Fig. 1. Impaired social preference in Cntnap2 KO mice.

a Schematic diagram used in the three-chamber social behavior tests. M: target conspecific; O: inanimate object. b Bar graph showing the percentage of the time spent toward a target conspecific or an inanimate object in control (n = 15) and Cntnap2 KO (n = 16) mice. Two-way ANOVA p = 0.0045; Sidak’s multiple comparison test, Control: mice vs object ****p < 0.0001, Cntnap2 KO: mice vs object p = 0.0634. c Bar graph showing preference index with significant differences between Cntnap2 KO and control mice. Two-tailed Welch’s t-test *p = 0.0441.

Fig. 2. Proteomic alterations associated with Cntnap2 KO mPFC in mice.

a Workflow of quantitative proteomic analysis. b Heatmap showing the expressional difference of DEPeptides between the Cntnap2 KO and control groups. c, d The relative proportion of DEPs according to their GOBP involvement at GOBP c level 1 and d GOBP levels 2-5. e Cellular processes are enriched with upregulated and downregulated proteins.

Fig. 3. Metabolomic alterations associated with Cntnap2 KO mPFC in mice.

a Workflow of targeted quantitative metabolomic analysis. b PLS-DA plot showing the discrimination between Cntnap2 KO from the control group. c The bar graph shows the number of measured metabolites in each metabolite subclass with unchanged metabolites and DEMs in each stacked bar, respectively. (d) Box plot showing DEM concentrations between Cntnap2 KO and control groups.

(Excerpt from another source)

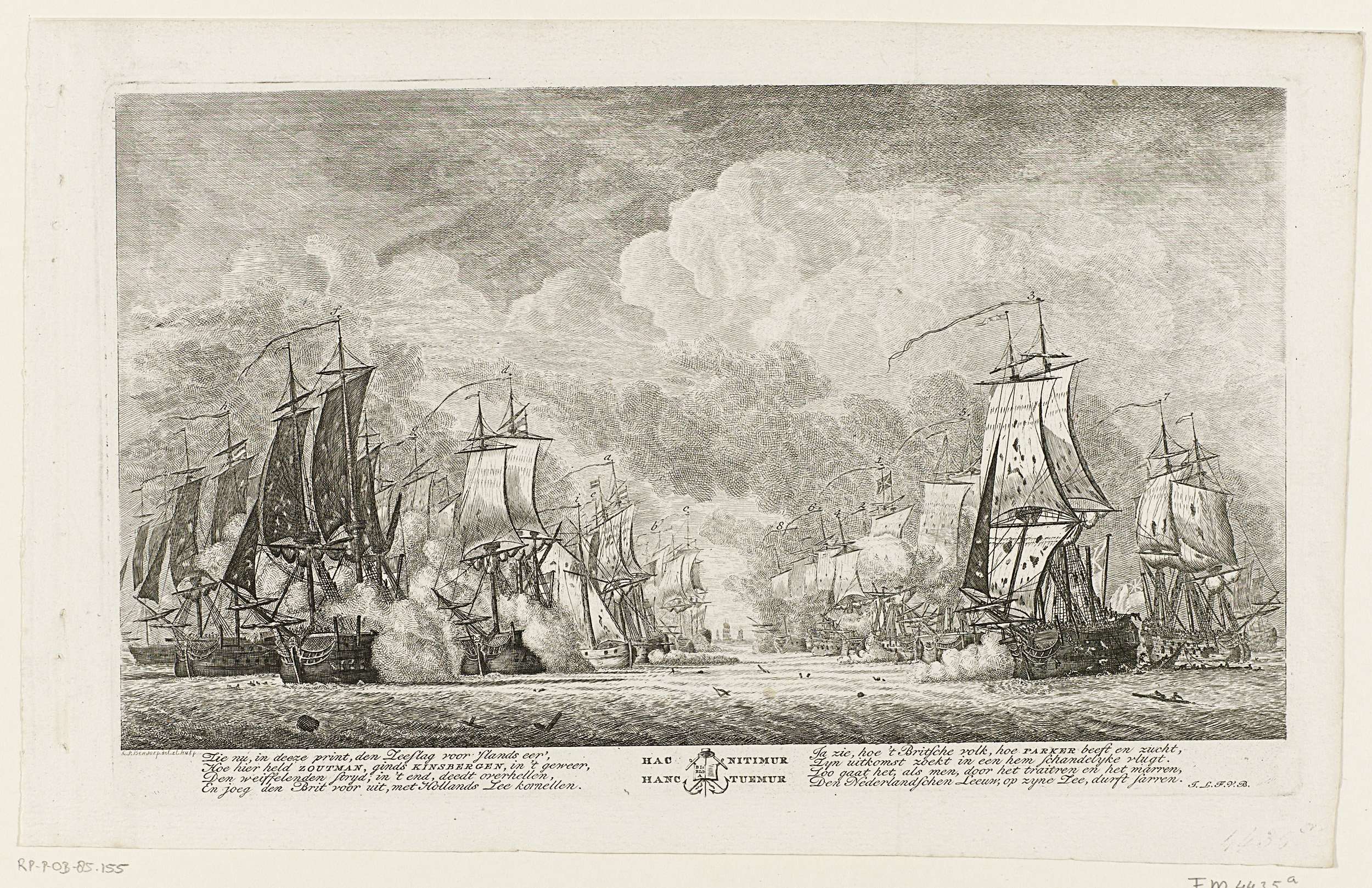 De Nederlandse en Engelse schepen tijdens de zeeslag bij Doggersbank op 5 augustus 1781 tussen de Nederlandse vloot onder schout-bij-nacht Johan Zoutman en de Engelse vloot onder vice-admiraal Hyde Parker. In de marge onderaan een achtregelig vers in twee kolommen met in het midden een vignet met twee gekruiste ankers, bijbel en een Latijnse spreuk.

Fig. 4. Molecular overlapping between Cntnap2 KO mice and ASD patients.

a Venn diagram showing the number of comparable genes in our Cntnap2 KO mPFC proteome and the public human PFC transcriptome. b Pivot table showing the number of genes with corresponding expression patterns of our proteome and PFC transcriptome of ASD patients. c Venn diagram showing the number of comparable metabolites in our Cntnap2 KO mPFC metabolome and the public human PFC lipidome/metabolome. d Pivot table showing the number of metabolites with corresponding expression patterns of our metabolome and ASD patients PFC lipidome/metabolome. e Heatmaps shows the expression differences of genes or metabolites in mouse and human ASD subjects compared to their corresponding controls. The genes reported as ASD-linked genes in SFARI are labeled in bold. f Radar plot shows cellular processes enriched with upregulated and downregulated genes in mouse and human ASD subjects.

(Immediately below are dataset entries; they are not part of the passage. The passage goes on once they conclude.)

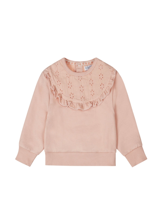 Leuke sweater voor baby meisjes met een broderie rand rond de hals en een leuke ruche. De kleur wordt aangeduid met licht rood maar is echt zacht roze/oud roze.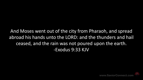 And Moses went out of the city from Pharaoh, and spread abroad his hands unto the LORD: and the thunders and hail ceased, and the rain was not poured upon the earth. -Exodus 9:33 KJV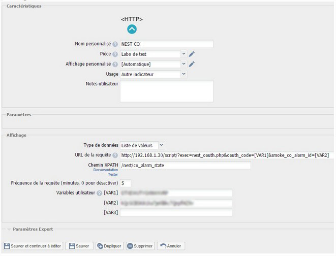 9- Créez un second capteur HTTP “NEST Fumée” et configurez-le comme suit:
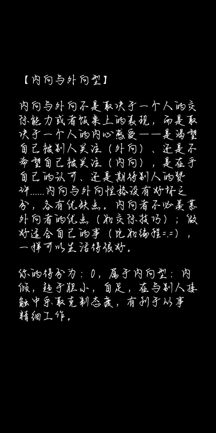 这个测试对我来说还是比较准的,就是做起来比较费时间,结果还可以再详细一点。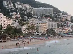 In 1987, four beaches in Jalisco were designated as federal marine turtle sanctuaries: El Tecuán, Cuitzmala, Teopa and Playón de Mismaloya, with an extension of 8 km (5.0 mi).[37] Playa Majahuitas is 27 km (17 mi) southwest of Puerto Vallarta with a rugged coastline, numerous inlets and outcroppings. The Cañon Submarino underwater canyon is located offshore. Chamela Bay has the greatest number of islets in Mexico, many of which are inhabited by numerous bird species.[38]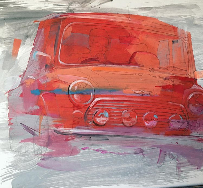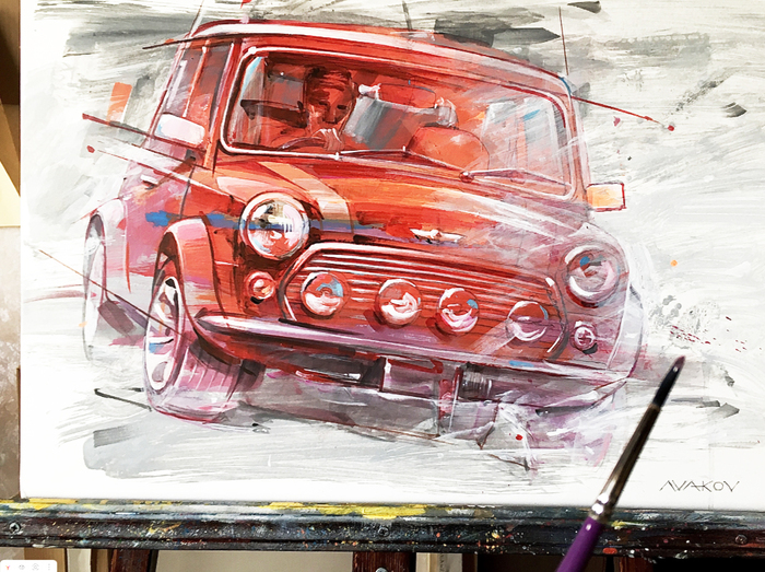 Изначально картина Mini Cooper написана акрилом на бумага, на фотках финальный результат и немного процесса...

Fig. 5. CNTNAP2-dependent cell types and the specific processes in which they are involved in CNTNAP2-deficient ASD patient-derived brain organoids.

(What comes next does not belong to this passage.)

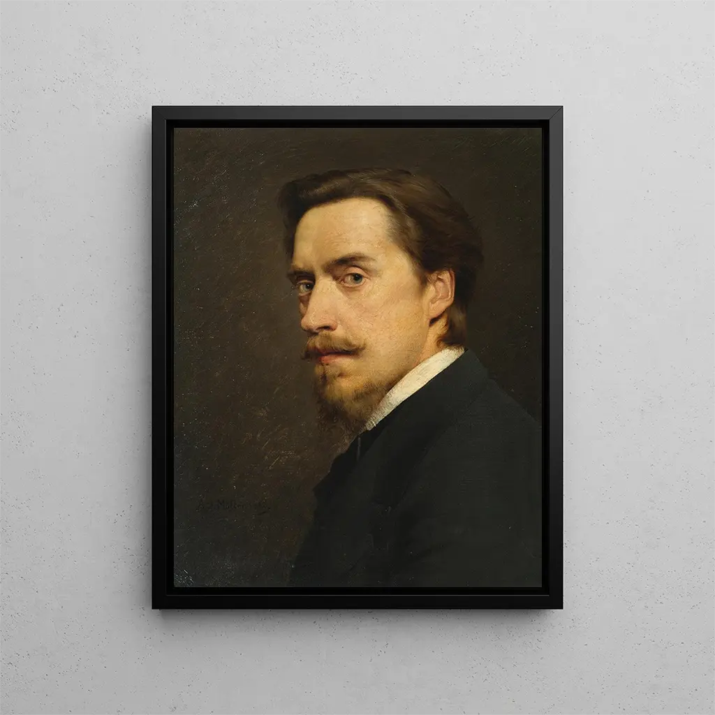 Reproduction Autoportrait - Anton Müller – Introduction captivante L'« Autoportrait » d'Anton Müller est une œuvre qui transcende le simple exercice de représentation personnelle pour offrir une réflexion profonde sur l'identité et la perception de soi. En s'immergeant dans cette pièce, le spectateur est invité à explorer les nuances de l'âme humaine, ainsi que les complexités de l'artiste lui-même. La puissance de ce tableau réside non seulement dans sa technique, mais aussi dans son aptitude à provoquer une introspection chez celui qui l'observe. Chaque coup de pinceau semble chargé d'émotions, créant une connexion intime entre l'artiste et son public. Cette œuvre, emblématique de son époque, témoigne d'une quête incessante de vérité et d'authenticité. Style et singularité de l’œuvre Le style de Müller se distingue par une approche audacieuse et innovante. Les couleurs vives et les contrastes saisissants qui caractérisent son « Autoportrait » témoignent d'une maîtrise technique indéniable. Le choix des teintes et la manière dont elles s'entrelacent révèlent une sensibilité artistique qui va au-delà de la simple représentation. Les ombres et les lumières sont habilement manipulées pour donner vie à l'image, conférant à l'œuvre une dimension presque sculpturale. La posture de l'artiste, à la fois assurée et vulnérable, évoque une dualité qui interpelle le spectateur. Ce jeu entre force et fragilité est l'une des signatures de Müller, qui parvient à capturer l'essence même de l'être humain à travers son art. L’artiste et son influence Anton Müller, figure emblématique du mouvement artistique de son temps, a su s'imposer par son originalité et sa vision unique. Influencé par les grands maîtres de la peinture, il a néanmoins su forger son propre style, intégrant des éléments de la modernité tout en respectant les traditions. Son œuvre est le reflet d'une époque en pleine mutation, où les artistes cherchaient à redéfinir les codes de l'art. Müller a non seulement laissé une empreinte indélébile dans le monde de l'art, mais il a également inspiré de nombreux artistes contemporains, qui voient en lui un modèle de courage et d'innovation. Sa capacité à capturer des émotions universelles à travers des portraits intimes continue d'influencer les générations futures, faisant de lui une figure incontournable de l'histoire

a UMAP visualization of the 5 representative cell types identified in the forebrain organoid DPal cells. See color legend for the cell type assignment. b Heatmap showing the significance of cellular processes enriched with DEPs, DEGs, and cell-type-specific DEGs identified in the mouse proteome results, ASD patient integration results, and ASD organoid results. c Expression of CNTNAP2 in ASD and healthy organoid DPal cells. d Dot plot showing cell-type-specific CNTNAP2 expression. The dot size and color represent the proportion of CNTNAP2-expressing cells and average CNTNAP2 expression per cell-type cluster, respectively. e Functional protein association network of genes shown in both Cntnap2 KO DEP and Ex-specific DEG. The node color represents the expressional difference between ASD and healthy organoids in Ex cells. The edge thickness represents the STRING interaction score.

Fig. 6. Cntnap2-associated ASD molecular network models.

Molecular network models describing alterations in a myelin sheath and mitochondrial network, b synapses, and c neuron projections in the CNTNAP2-associated ASD PFC. Node shapes represent types of molecules. The molecules showing a significant expressional difference in mouse and human ASD subjects are displayed as larger nodes. The center and boundary colors of a node represent the expressional difference in the ASD mouse and ASD organoid Ex cells compared to their corresponding controls, respectively. Line types indicate types of regulation. Thin gray lines represent the curated protein-protein interaction.